New Castle News

Money: Dave Ramsey

January 17, 2014

Dave Ramsey: Don’t put emergency fund in bonds

NEW CASTLE — Dear Dave: What do you think about the idea of putting your emergency fund into bonds? — Ryan

Dear Ryan: I think that’s a really bad idea, and here’s why. Bond values and prices go down as long-term interest rates rise. Right now, long-term interest rates — a good example would be mortgage rates — are ticking up. They’ve moved up a quarter of a percent recently. So, as this happens, the value of bonds goes down. If these interest rates spiked, you could lose half your emergency fund.

Never, ever put your emergency fund into things where risk and volatility are factors. An emergency fund isn’t an investment. It’s there to help protect things that are investments and your life. Keep it in something safe and simple, like a money market account where there’s no penalty for early withdrawal.

We’re not looking to make money with an emergency fund, Ryan. It’s insurance. Just let it sit there, safe and sound, until it’s needed. — Dave

Dear Dave: My husband works construction, so we barely scrape by during the winter months. Should we build an emergency fund for the slow times? — Cathy

Dear Cathy: I think that’s a great idea. Although, I’d probably call it something other than an emergency fund. How about a squirrel fund? Squirrels need to have nuts saved up for winter, and in your case you’d be setting money aside during the summer to get you through the slow winter months.

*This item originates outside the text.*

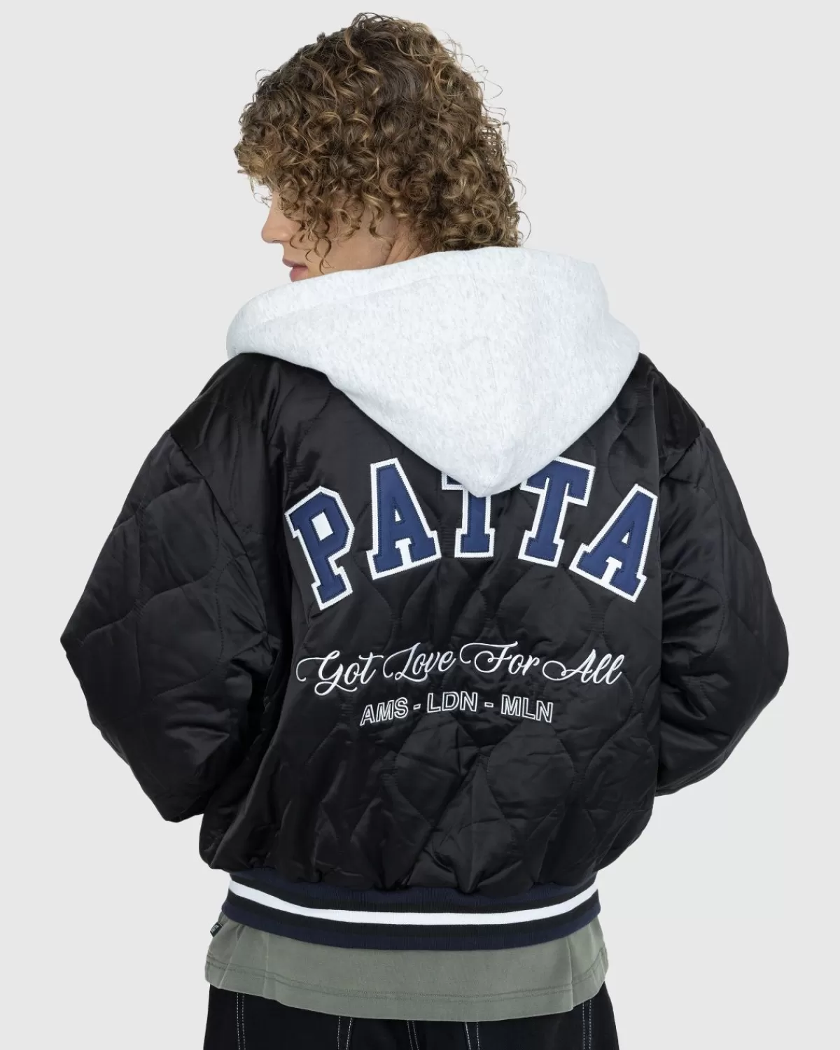 De Bomber Met Capuchon Combineert Streetwear En Sportkleding En Is Versierd Met Patta-Iconografie Op De Voor- En Achterkant Van Het Silhouet. Het Is Gemaakt Van Een Mix Van Katoen En Polyester, Met Een Polyester Voering Van Het Patta-Merk. Details Zijn Onder Meer Een Capuchon Met Contrasterend Trekkoord, Gestreepte Ribgebreide Randen, Twee Buitenzakken En Een Binnenzak.

You may think I’m playing games with the name, but really I’m not. This sort of saving isn’t for emergencies. It’s a budget issue, because you’re planning and setting aside cash leading up to the down time you know is coming. Keep your emergency fund of three to six months of expenses separate from this, and take a careful look at what he made this winter and how much that left you short each month.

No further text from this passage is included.